BVF Warns Stockholders: Avigen Continues To Remain Silent on Downside Protection
06 Februar 2009 - 9:32PM
PR Newswire (US)
AVIGEN'S LATEST MOVES REINFORCE TROUBLING PATTERN OF DISMISSING
ALTERNATIVES WHICH PROTECT STOCKHOLDER VALUE NEW YORK, Feb. 6
/PRNewswire/ -- BVF Acquisition LLC (the "Purchaser"), an affiliate
of Biotechnology Value Fund L.P. ("BVF"), announced today that it
is gravely concerned that today's announcement by the Board of
Directors of Avigen, Inc. (NASDAQ:AVGN) that it is considering
"strategic alternatives" is silent on downside protection for all
stockholders.
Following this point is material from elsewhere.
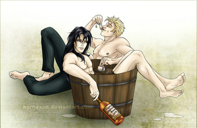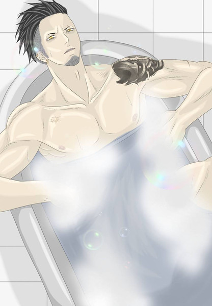 I love that he has a pillow in the bathtub. I wanna float in a bathtub with a pillow and good brandy (and Charles) D:

Speaking on behalf of BVF, Mark Lampert, BVF's
General Partner, stated, "As the largest stockholder in Avigen,
holding 8,819,600, or approximately 29.63% of Avigen's outstanding
shares, we are worried that this Board is embarking on a path that
will use the companies cash and valuable assets in a misguided
transaction which offers no downside protection to stockholders --
a key feature of the proposed merger with MediciNova. The landscape
is littered with numerous parallels in which cash shells like
Avigen have entered into transactions promoted as value-creating,
but which ultimately left investors holding nearly worthless stock.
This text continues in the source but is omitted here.